I love how it is the _drivers_ putting your children at risk. All I saw in the video were a bunch of desperate or underinformed guys picking up the 15 year old. In the wrong? Definitely. But how can you do this story and have absolutely *no mention* of the companies that will hire almost anyone and pay such miserable rates as to discourage professionals from driving with them. Instead, let's fear monger and scapegoat the drivers as usual. What a bunch of bozos.


----------



## MHR (Jul 23, 2017)

Didn’t watch but did they out the PARENTS at all for letting THEIR children break the rules?


----------



## SEAL Team 5 (Dec 19, 2015)

I have the solution.

*Uber 4 Kids
*
Uber K









Uber K Pool









Uber K Select


----------



## Stevie The magic Unicorn (Apr 3, 2018)

Anyone see this coming?

This is why it was NEWSWORTHY that a driver actually followed the company policy about this.


----------



## br1anf (Mar 23, 2016)

Uber_Yota_916 said:


> Drivers get bent over because uber and Lyft do not do their jobs. This should not be an issue. How difficult is it to have an ID requirement when people create accounts? I have alsway been a proponent that accounts be tied to drivers license or state identification cards. End the recycling of bad riders creating new accounts and eliminate underage riders.


Need an ID to have an Uber account? Sounds racist to me. What about the millions of folks who have no way of getting an ID card? How would they get to the voting booth?


----------



## Hihosilver (Sep 13, 2017)

Uber & Lyft don't give a crap as long as they get their cut. They have a policy we can't transport unaccompanied minors, but I get pings from Elementary Schools, Jr Highs and High Schools. Who do they think we're picking up there? If something happens, though, they point to their policy, hang their drivers out to dry.

We get pings, we drive 5-10 minutes to pick the rider up. Its a minor, we don't get no cancel fee, just wasted our time and gas.

Uber don't give a f*#k!

And I love how the media does stories on drivers doing stuff, doesn't bother digging any deeper to report on the scumbag corporations who run the most ineffectual background checks possible, manipulate drivers into these situations


----------



## UBERPROcolorado (Jul 16, 2017)

You will get a canx fee is you call support. I get them all the time.


----------



## HotUberMess (Feb 25, 2018)

Stevie The magic Unicorn said:


> Anyone see this coming?
> 
> This is why it was NEWSWORTHY that a driver actually followed the company policy about this.


Yes. Posted about it yesterday. Lol


----------



## SEAL Team 5 (Dec 19, 2015)

br1anf said:


> Need an ID to have an Uber account? Sounds racist to me.

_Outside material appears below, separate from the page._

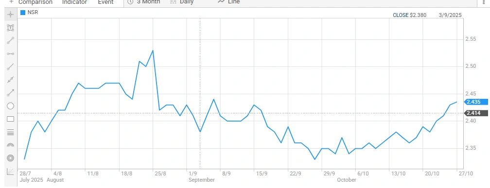 As of the latest session, NSR shares traded at $2.435, up 0.205%, with a market capitalisation of $3.41 billion and daily volume of 952,095.

How the hell do you associate age requirement with racism? Did you see that somewhere on social media? So are all bars and clubs that check ID at the door racist, or are they just following their state's liquor board laws? And we wonder how false accusations get started.


----------



## DentonLyfter (Apr 14, 2018)

Maybe it will eventually sink in. Now we need a car seat expose.


----------



## Steve_TX (Feb 2, 2016)

br1anf said:


> Need an ID to have an Uber account? Sounds racist to me. What about the millions of folks who have no way of getting an ID card? How would they get to the voting booth?





SEAL Team 5 said:


> How the hell do you associate age requirement with racism? Did you see that somewhere on social media? So are all bars and clubs that check ID at the door racist, or are they just following their state's liquor board laws? And we wonder how false accusations get started.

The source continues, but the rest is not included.